Many beauty manufacturers and brands have driven green transformations, but suppliers think cost and lack of harmonisation may be slowing wider uptake of ingredients and raw materials [Getty Images]
Many beauty manufacturers and brands have driven green transformations, but suppliers think cost and lack of harmonisation may be slowing wider uptake of ingredients and raw materials [Getty Images]

Related tags green beauty sustainable beauty suppliers Clariant Evonik Cargill Beauty Oleon Green chemistry

Higher costs and lack of supplier alignment are the core issues slowing uptake of green materials, ingredients and processes amongst beauty and personal care manufacturers and brands, say specialist suppliers.

Green beauty​ had certainly made its mark in recent years. Highlighted as one of CosmeticsDesign-Europe’s top trends to watch in 2021​, plenty of brands had already jumped aboard. But despite a wave of green innovation across packaging, transport, processing, overall carbon footprint and ingredients, widespread uptake of green raw materials and ingredients remained slow in beauty, according to Ecovia Intelligence.

So, why were adoption rates lagging? And how could this be overturned? A panel of senior executives from some of Europe’s leading specialty suppliers discussed this at last month’s Sustainable Cosmetics Summit in Paris, France, organised by Ecovia Intelligence.

Cost, cost, cost

Marie Sanson, marketing manager for consumer care at Swiss specialty chemicals major Clariant, said: “One of the aspects we haven’t mentioned, I think, is cost.”

Using natural ingredients and greener processes, Sanson said, “obviously has a cost”.
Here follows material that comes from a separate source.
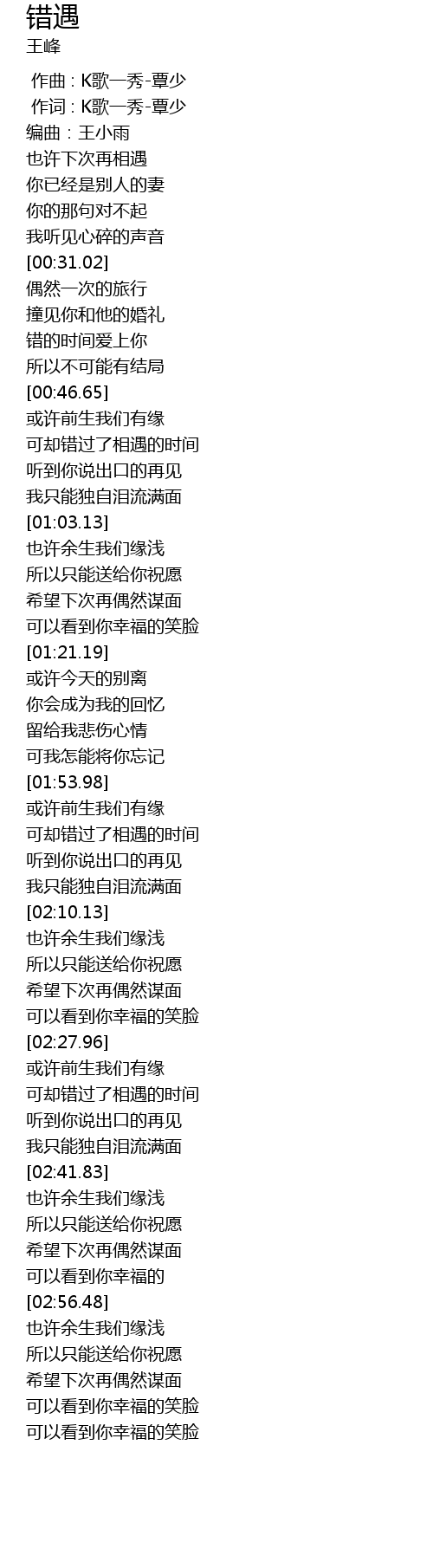 | [02:31.75] | kě què cuò guò le xiāng yù de shí jiān |

And particularly in the current cost-of-living crisis, where consumers had to make more conscious decisions, brands were perhaps focused on keeping final product prices lower. Considering the entire beauty supply chain, though, she said cost was something that could be tackled via “innovation processes”.

Wilfried Petersen, global director of sustainability at German specialty chemicals major Evonik, said innovation was certainly the way forward, noting it would be “a mistake” ​to wait for consumers to create demand.
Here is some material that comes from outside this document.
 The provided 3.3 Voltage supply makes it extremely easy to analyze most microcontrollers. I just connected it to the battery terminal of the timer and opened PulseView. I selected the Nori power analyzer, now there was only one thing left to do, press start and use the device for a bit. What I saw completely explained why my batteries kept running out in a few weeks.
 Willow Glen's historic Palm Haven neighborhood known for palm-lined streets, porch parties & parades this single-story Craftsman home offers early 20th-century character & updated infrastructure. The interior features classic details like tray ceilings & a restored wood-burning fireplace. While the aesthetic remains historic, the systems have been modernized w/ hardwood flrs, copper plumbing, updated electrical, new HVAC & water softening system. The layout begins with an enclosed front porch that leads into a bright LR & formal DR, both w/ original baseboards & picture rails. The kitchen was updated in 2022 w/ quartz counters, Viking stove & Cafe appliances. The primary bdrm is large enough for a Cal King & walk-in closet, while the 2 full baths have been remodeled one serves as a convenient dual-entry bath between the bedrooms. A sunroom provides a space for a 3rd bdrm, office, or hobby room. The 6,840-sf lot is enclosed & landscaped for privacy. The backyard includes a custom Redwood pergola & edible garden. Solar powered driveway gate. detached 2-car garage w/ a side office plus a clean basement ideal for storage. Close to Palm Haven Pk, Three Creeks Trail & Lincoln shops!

“We have to take action, and do it anyway, and explain to our consumer why things are necessary and why things come at an extra cost,”​ Petersen said.

Communication and formulations

Doing so, he said it would firstly be important industry distinguished between green ingredients and sustainable ingredients, because these were “not always the same​”. It would then be crucial manufacturers and brands communicated clearly to consumers, he said. “Generally, the more complicated it is to explain to consumers the benefits, the less the consumer will be willing to pay a premium on it.”

“…The acceptance of sustainable supply chains and sustainable ingredients is first in the supply chain and then has to move over to the consumer. And the artwork is to make it understandable to consumers,” ​Petersen said.

Frederic Niola, global innovation director at US natural raw materials specialist Cargill Beauty, said it was also about formulators, manufacturers and brands considering the broader cost of overall formulations, beyond just ingredients.

Perhaps, Niola said, industry ought to consider working more with functional green ingredients that offered “active benefits as well”,​ enabling shorter ingredient decks and thus cost savings.

Sanson said this was where luxury brands would be important, because they had the spending power to include these new green technologies and ingredients and ultimately make them more affordable for other brands.

Industry-wide harmonisation

Yann Raoul, collaborative projects specialist at Belgian oleochemicals specialist Oleon, said driving uptake of green materials would also rely on wider supply-level communication and aligned thinking.

“I think it’s particularly important that we design together what we think the sustainable cosmetic world should be, moving forwards. And the more we communicate and manage to align and harmonise systems – there’s been a lot of debate around that – the better it will be,”​ Raoul said.

It would be key to have “requirements that make good common sense” ​for green raw materials and ingredients, amongst suppliers but also worldwide across the entire beauty and personal care industry, he said. And this was not the case today, which was “making innovation more and more difficult”, ​he said.

Looking ahead, Petersen said that, no matter what industry did, it would be government-level “rules laid out”​ that would drive wider, longer-term uptake of green raw materials and ingredients, in beauty and beyond. So, in the meantime, he said suppliers and brands had to prepare for “a future where more sustainable ingredients will be used”.